Buanglah sampah pada tempatnya.
Jawab
1. Barapen, merupakan salah satu kearifan lokal masyarakat Papua, khususnya di kawasan
pegunungan. Tradisi itu dilakukan sebagai ungkapan rasa syukur sekaligus mempererat
persaudaraan.Barapen merupakan tradisi membakar makanan beramai-ramai dan kemudian
disantap bersama. Butuh proses panjang untuk mempersiapkan pembakaran hingga makanan
siap santap. Tahapannya mulai dari menggali lubang, memanaskan batu, hingga membakar
bahan makanan.Proses terakhir saja membutuhkan waktu sekitar tiga hingga empat jam
sampai makanan siap santap. Namun, selama proses itu berlangsung, komunikasi, kerja sama
dan rasa persaudaraan kian erat terjalin. Mereka menutup tradisi Barapen dengan upacara
makan bersama.
Proses barapen Pertama, salah seorang penduduk akan menggali tanah, selanjutnya disebut
kolam. Dalamnya kolam tergantung seberapa banyak makanan yang akan dibakar. Sambil
menunggu, batu mulai dibakar di atas kayu bakar hingga merah membara.

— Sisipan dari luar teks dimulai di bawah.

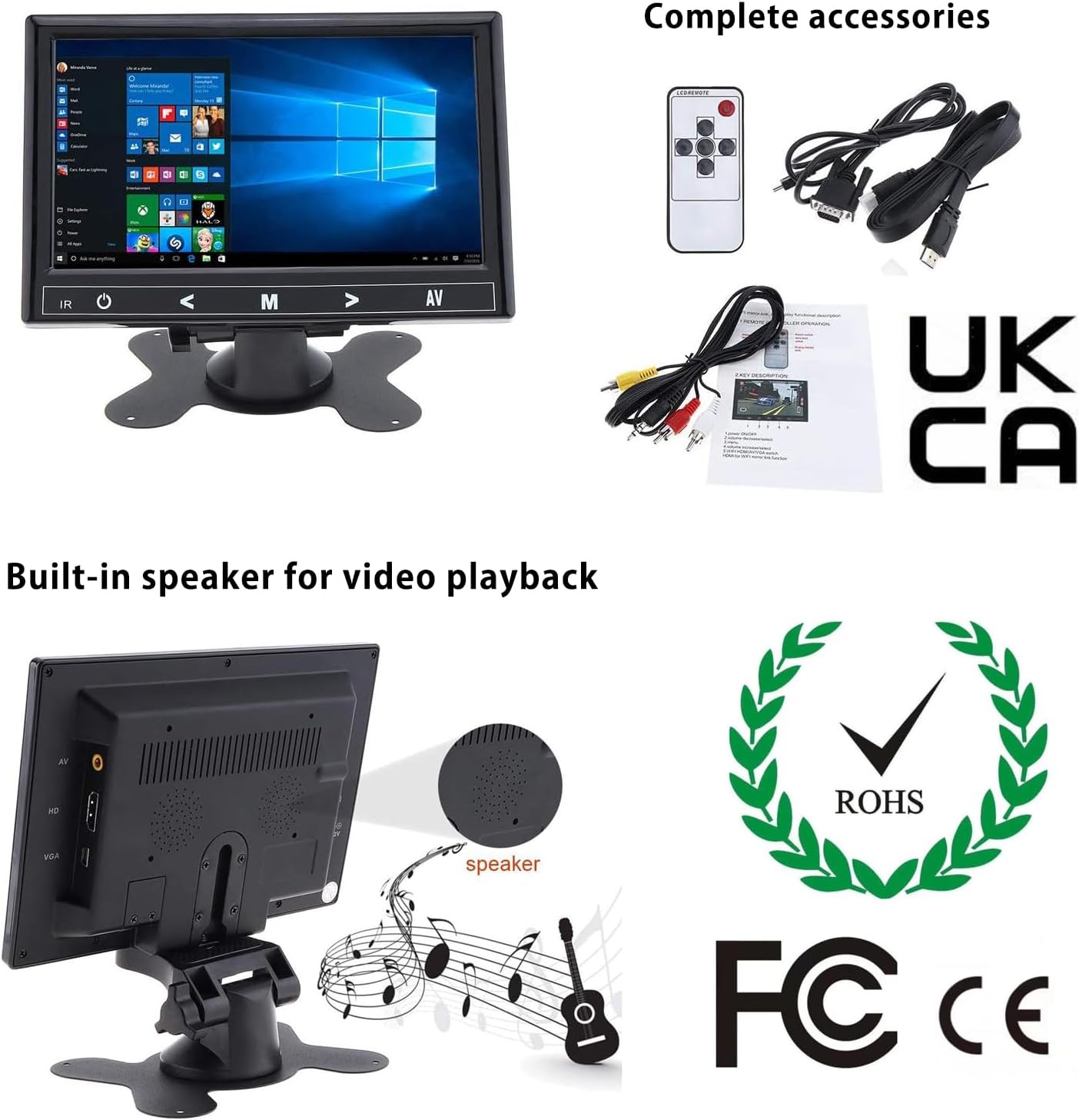 ANDUBEST CCTV Small Monitor 7 inch, 1024X600, 60Hz, 5ms Built-in Speakers, Small Screen w/VGA/AV/HDMI Input,Raspberry Pi Monitor w/Remote Control, Portable Monitor

Setelah kolam siap, di bagian dasar dialasi semacam alang-alang kemudian ditutup daun
pisang , di atasnya ditata daging, kemudian ditutup lagi dengan daun pisang. Di atas daun
pisang diletakan lagi batu membara, ditutup lagi dengan daun pisang, baru ditata jagung,
umbi-umbian, dan sayuran. Seperti sebelumnya, di atas sayur dan umbi-umbian, ditutup daun
dan ditindih dengan batu membara. Selanjutnya ditutup lagi dengan kayu bakar untuk
menjaga panas di dalam bisa bertahan lama.
Barapen merupakan tradisi yang mengajarkan bagaimana cara menciptakan dan menguatkan
kebersamaan antarsesama manusia. Dalam pelaksanaannya seluruh warga terlibat mulai dari
proses persiapan, memasak, hingga upacara makan bersama.

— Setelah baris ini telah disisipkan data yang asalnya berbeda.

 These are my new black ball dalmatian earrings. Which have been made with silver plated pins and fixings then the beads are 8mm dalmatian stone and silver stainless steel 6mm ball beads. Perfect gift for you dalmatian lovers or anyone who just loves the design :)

Tujuan penelitian ini adalah mendapatkan gambaran tentang tingkat keteraturan, tingkat
kepatuhan dan tingkat kesesuaian Barapen.Keberadaan Barapen dari aspek tujuannya
sebenarnya cukup membantu masyarakat dalam mengelola lingkungan dan kesejahteraannya,
selain itu Barapen juga bernilai Sosial.
Hal ini disebabkan karena dengan Barapen maka kehidupan sosial masyarakat, panen dan
keseimbangan lingkungan dapat diatur. Di satu sisi ada hukum adat yang melarang namun
disisi lain apa yang dilarang adalah kepemilikan pribadi atau suku. Seharusnya Barapen tidak
mengenal kepemilikan pribadi atau suku karena berkaitan dengan keseluruhan lingkungan
atau ekosistem dan merupakan kesepakatan seluruh masyarakat. Tradisi Barapen belum
searah dengan hukum formal, sehingga perlu adanya peraturan daerah dan peraturan desa
tentang pelestarian kearifan lokal untuk memperkuat eksistensi Barapen.